Говорят, что искусство убеждения целиком построено на лести и лжи. Не знаю. Такого же успеха, по-моему, можно достичь, бесконечно и на разные лады повторяя одно и то же. Единственный недостаток этого метода – время. А времени у меня совсем не было. Я боялся, что вожатая Нюша заметит наше отсутствие и подымет шум. В любой другой день – милости просим, только не сейчас. Но тут скамейка под нами качнулась, скрипнуло ведро, и Паша сказал:

– Дурацкая идея. Ничего у тебя не выйдет.

Я заволновался.

– Что значит дурацкая?

– А то.

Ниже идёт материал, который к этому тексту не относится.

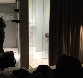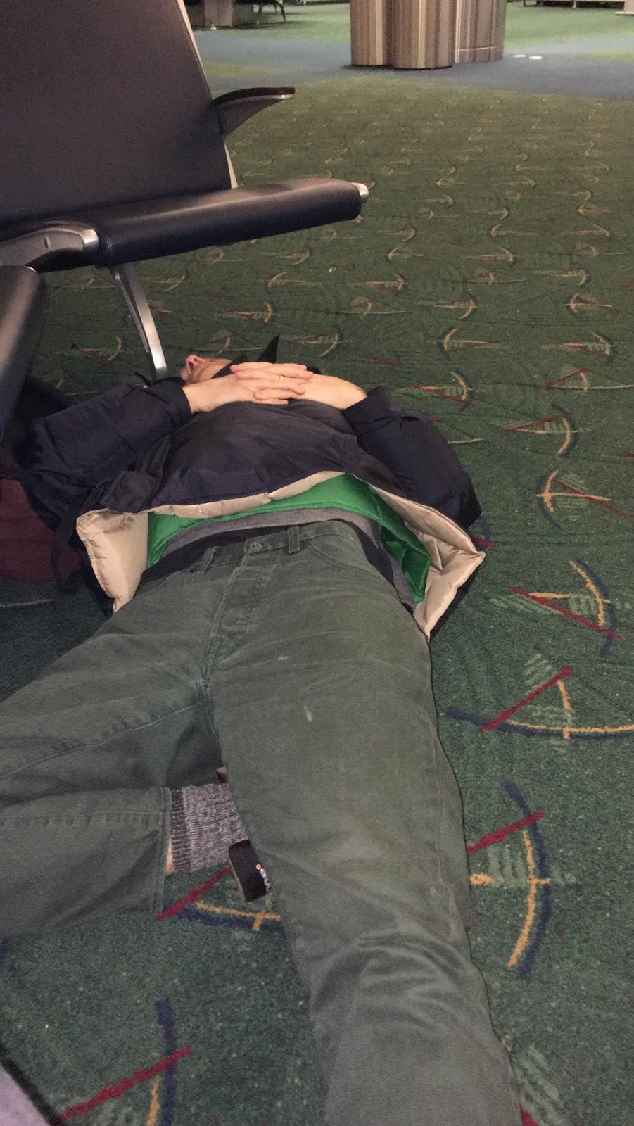 | Leaving Frankfurt, 11 hours to Seattle, 4 hour layover in Seattle, Sleeping on the new, famous PDX carpet. |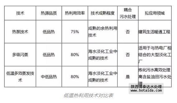 如低溫?zé)崂眉夹g(shù)對(duì)比表所示,較常規(guī)熱泵技術(shù)和多級(jí)閃蒸技術(shù),低溫多效蒸發(fā)在熱利用率、技術(shù)工藝耦合污水處理等方面具有明顯優(yōu)勢(shì),代表了相關(guān)技術(shù)領(lǐng)域的發(fā)展方向,是開展余熱利用和污水處理耦合技術(shù)的重點(diǎn)方向。

Допустим, я соглашусь. Допустим даже, что согласен. И что? В костер ты все равно не полезешь.

– Ну этого, положим, ты не знаешь, – осторожно возразил я.

– А главное – зачем? Там сухая трава вокруг. Сгоришь как пучок соломы.

К вопросам «зачем» и «почему» у меня давняя неприязнь. Она осталась с детского сада, где я был «маленьким негодяем» и провел много часов, объясняя взрослым причины своих поступков. Я ответил Паше, как отвечал всегда, стараясь напустить побольше тумана.

– В каждом деле есть риск. Но ты не бойся. Ноги-то будут мои. У мусульман, например, хождение по раскаленным углям – это такое покаяние за убийство халифами соперников в борьбе за трон.

Пашино лицо вытянулось.

– Погоди, – перебил он, – это ты о чем? Мы о чем сейчас говорим?

– Древний обряд, между прочим, совершается в разгар мухаррама.

– Чего-чего?

– Это праздник такой, вроде нашего Нового года.

– Какой Новый год? Ты о чем?

– История сохранила свидетельства очевидцев.

Паша с облегчением выдохнул, и на его лице появилась скептическая гримаска.

– Ах, история! Тогда понятно. Опять в книжке какой-то вычитал?

Несмотря на репутацию культурного юноши, книг Паша не читает. Он верит, что здравый смысл даст фору любому историческому факту вроде того, как в «дураке» туз бьет десятку.

– Допустим, вычитал. И что с того?

– А то, что брехня. Значит, они ноги побелкой натирали или мылом. Иначе никак. Тут нужен какой-нибудь фокус, обман зрения.

– Или… – я выдержал театральную паузу. – Можно просто обуться.

– Обуться?! – Сомнение в Пашином голосе сменилось разочарованием.

– Ну да. Ты ведь привез сапоги?

Это был риторический вопрос. Пашин чемодан я тщательно обыскал накануне. Пара резиновых сапог оказалась единственной стоящей находкой.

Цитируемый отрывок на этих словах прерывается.